START DATA PROVIDED
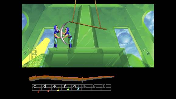 Another such Guild was the Weavers. Over the centuries, their craft transcended the limits of physical cloth, until they wove the very fabric of reality itself. Now, a strange power has swept the Weavers into oblivion, leaving behind one Weaver boy to unravel the mystery. Help young Bobbin rescue his Guild...and you just might save the universe from an unspeakable catastrophe.
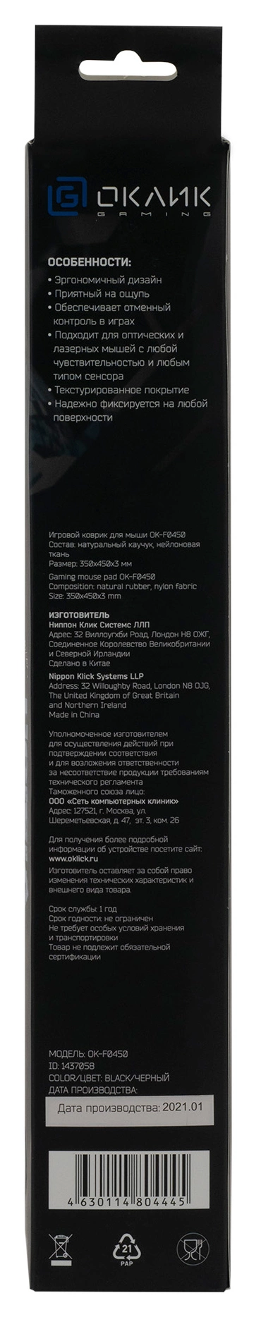 Коврик для мыши Oklick OK-F0450 Большой черный 450x350x3мм
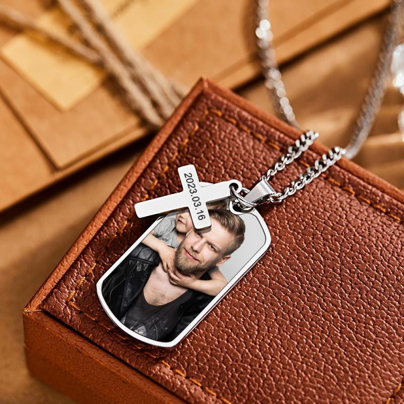 Una collana con incisione personalizzata è un regalo perfetto per la festa del papà che simboleggia l'amore e il legame tra un padre e i suoi figli. Questa collana di famiglia è progettata con un ciondolo a croce che include la data, un testo speciale e una foto, rendendola un gioiello bellissimo e sentimentale che può essere amato per tutta la vita.
END DATA PROVIDED
▶ **EXERCISE AIM**: Would you output, word for word, only the lines running from the line with "Коврик для мыши" to the end of the listing above, both ends included, with no pictures?

▶ **ANSWER TO THIS EXERCISE**:
 Коврик для мыши Oklick OK-F0450 Большой черный 450x350x3мм
 Una collana con incisione personalizzata è un regalo perfetto per la festa del papà che simboleggia l'amore e il legame tra un padre e i suoi figli. Questa collana di famiglia è progettata con un ciondolo a croce che include la data, un testo speciale e una foto, rendendola un gioiello bellissimo e sentimentale che può essere amato per tutta la vita.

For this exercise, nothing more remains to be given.